Tuesday, December 3, 2013

What's Better In The News

  What's better with Lenin is that his mausoleum in Red Square is being over-shadowed by a huge Louis Vitton trunk. The giant trunk houses an exhibit of the company's luggage. Luggage that you can buy and is not forced on you by the State represents a liberty of the individual. As Lenin famously said, "Everything belongs to the State." No longer, Butcher. Communists are unhappy, saying that the trunk desecrates Lenin. Not true. Lenin is a desecration to humanity.
  What's better with the Senakuku Islands is that Obama did send two unarmed B-52s over the islands without filing a flight plan with Communist China as demanded. But Obama has asked domestic carriers to file flight plans. Didn't we learn at Munich that appeasement does not work but only reinforces the bully? Did we not predict such a thing would happen after the insane appeasement with the temporary nuclear agreement with Iran? The lamb calls the wolf. All over the world.
  What's better with working conditions in Bangladesh is that two private safety pacts have been put together "pledging" to invest in factory inspections and upgrades. Steep upgrades, we hope. Walmart is a signatory.

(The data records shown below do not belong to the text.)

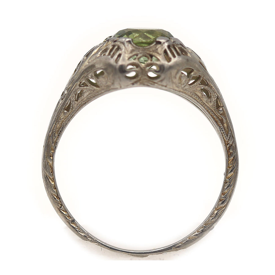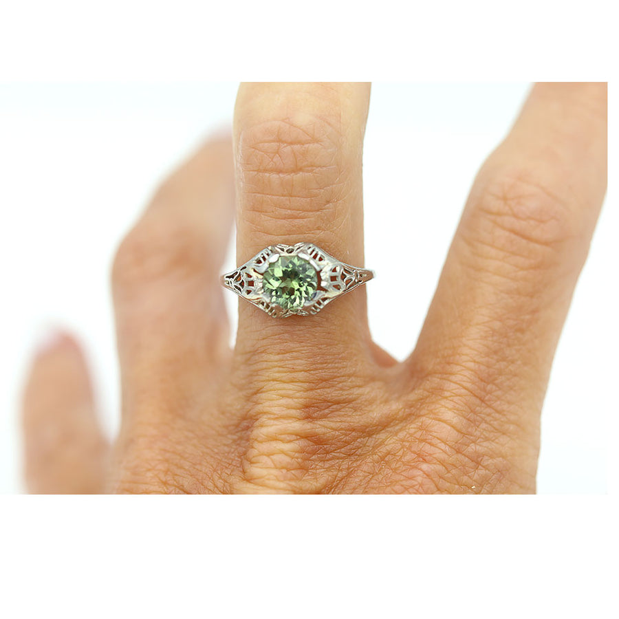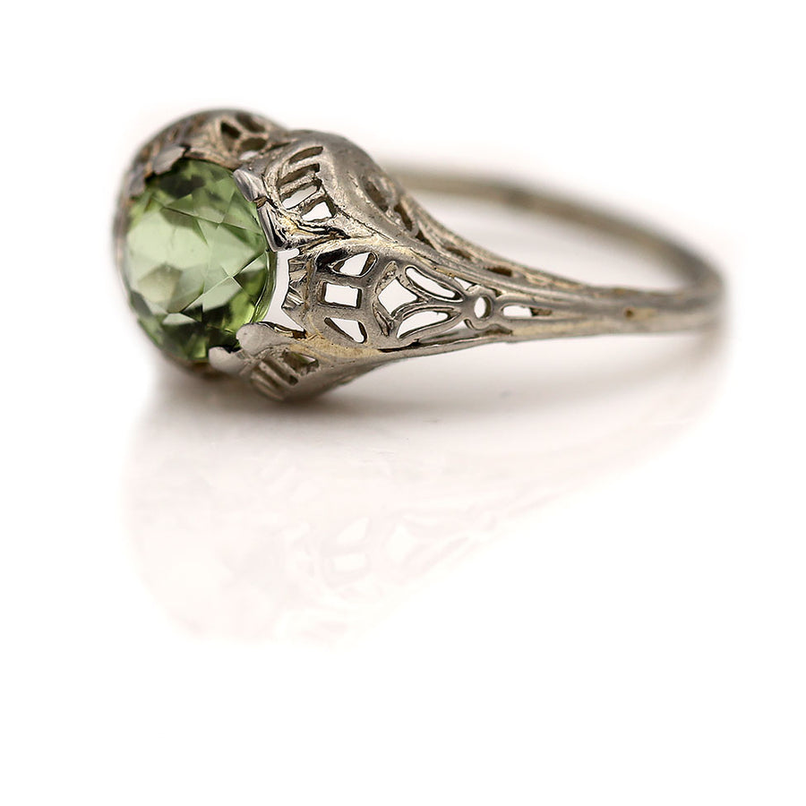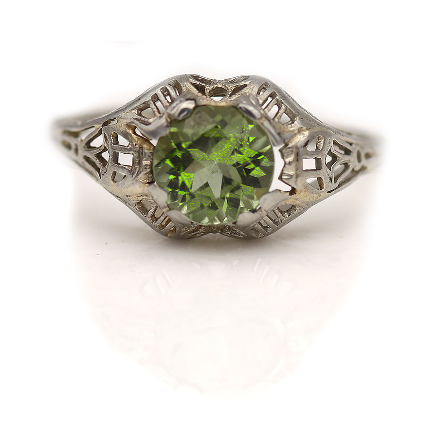 The Liatta ring is an authentic vintage engagement ring from the Art Deco era, circa 1930s. This ring features a natural 1.30 carat deep green, round cut tourmaline. Crafted in 14 kt white gold, and accentuated with open metal work and filigree engravings, this is a sweet Art Deco piece. In good condition.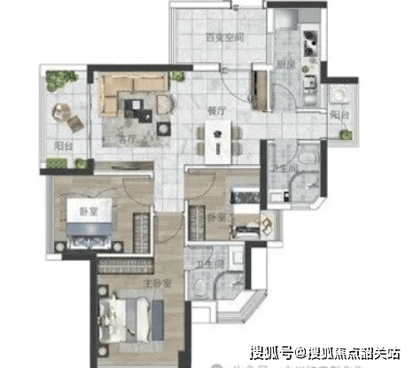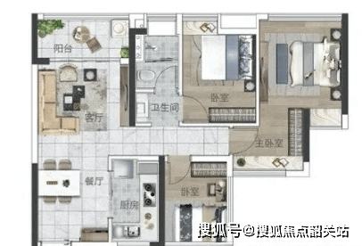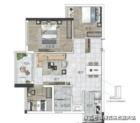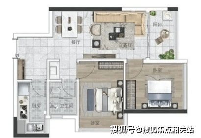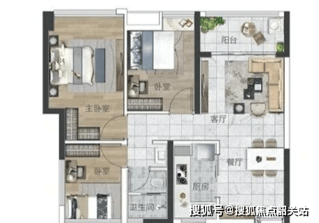 79㎡ 三房两厅一卫:阳光大主卧,一线临河视野开阔,L型厨房。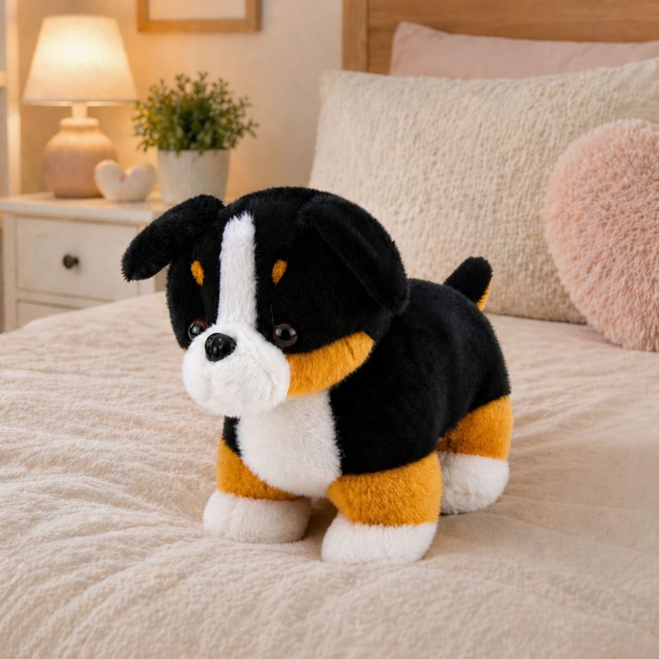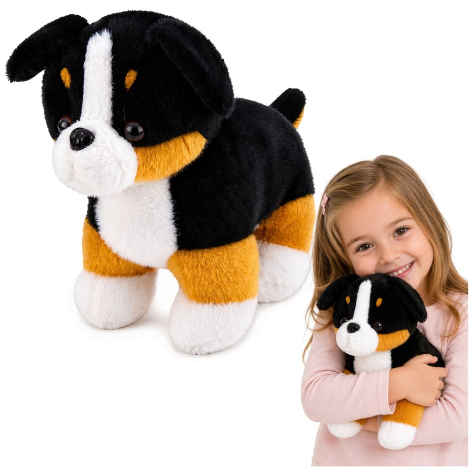 Uroczy pluszowy pies rasy berneński pies pasterski to idealna przytulanka dla dzieci, która zachwyca realistycznym wyglądem oraz miękkością. Starannie odwzorowane detale, charakterystyczne umaszczenie oraz przyjazny wyraz sprawiają, że maskotka wygląda jak prawdziwy piesek, co dodatkowo pobudza wyobraźnię dziecka i zachęca do zabawy.

There are also three other groups- Walmart is included here too - that are trying to hone out a single, comprehensive inspection plan. Critics, with justification, see this as more fog saying that the safety risks in the factories are glaringly apparent to any intelligent, honest inspector. They state that what is needed is the government to give such inspectors the power to demand the factory owners make changes or face shutdowns. It remains to be seen what kind of safety plan, if any, the government will pass and enforce. One also wonders about the judicial system in Bangladesh. Can't parties on behalf of injured or killed factory workers sue the factory owners?Overall, this could be a very difficult situation in that you don't want factory workers injured or killed, and at the same time you don't want factory owners deciding that safety features are too expensive and choosing to move to a less demanding country. This leaves your workers jobless and maybe homeless and hungry.
These commentaries are based upon articles in the Wall Street Journal, America's most trustworthy national newspaper. Peter Nickerson - "I didn't go to Vietnam, so this is my way of serving my country."